MemGPT's architecture breaks this assumption in three distinct ways:

‍

‍

Failure Mode 1: Working Context Mutations

The Working Context section sits immediately after System Instructions in the prompt. When an agent calls core_memory_replace() or core_memory_append() to update user or persona information, the content at that position changes. This breaks the prefix at exactly the point where the largest cacheable blocks — archival documents and function definitions — begin.

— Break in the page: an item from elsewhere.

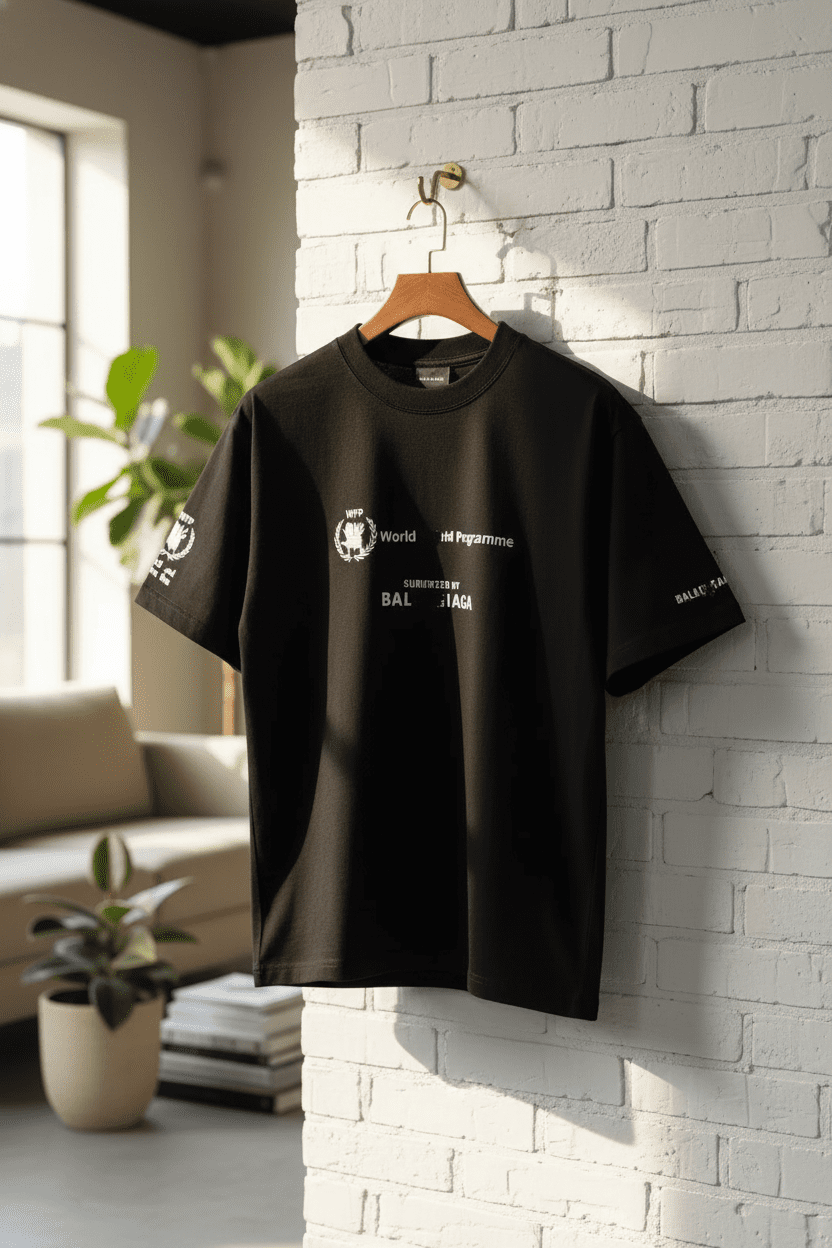 Balenciaga black cotton T-shirt features a soft, skin-friendly fabric with the iconic logo on the front. Unisex streetwear style, simple yet fashionable, ideal for daily casual looks with premium luxury appeal.

The cruel irony: the content you most want to cache sits downstream of the content that keeps changing. Prefix caching can't reach it.

‍

Failure Mode 2: FIFO Queue Shifts on Every Turn

The FIFO Queue holds recent conversation history. Every new user message pushes the oldest message out of the queue. This means the token sequence after System Instructions is different on every single turn — a structural, unavoidable prefix break that happens regardless of whether anything else in the prompt changes.

‍

Failure Mode 3: Variable Archival Retrieval Positions

When the agent retrieves documents from Archival Storage, those documents are inserted into the prompt at positions that depend on the current queue length. The same document retrieved on turn 3 versus turn 7 appears at a different token position. Prefix caching requires identical position — so even repeated retrievals of the same content produce cache misses.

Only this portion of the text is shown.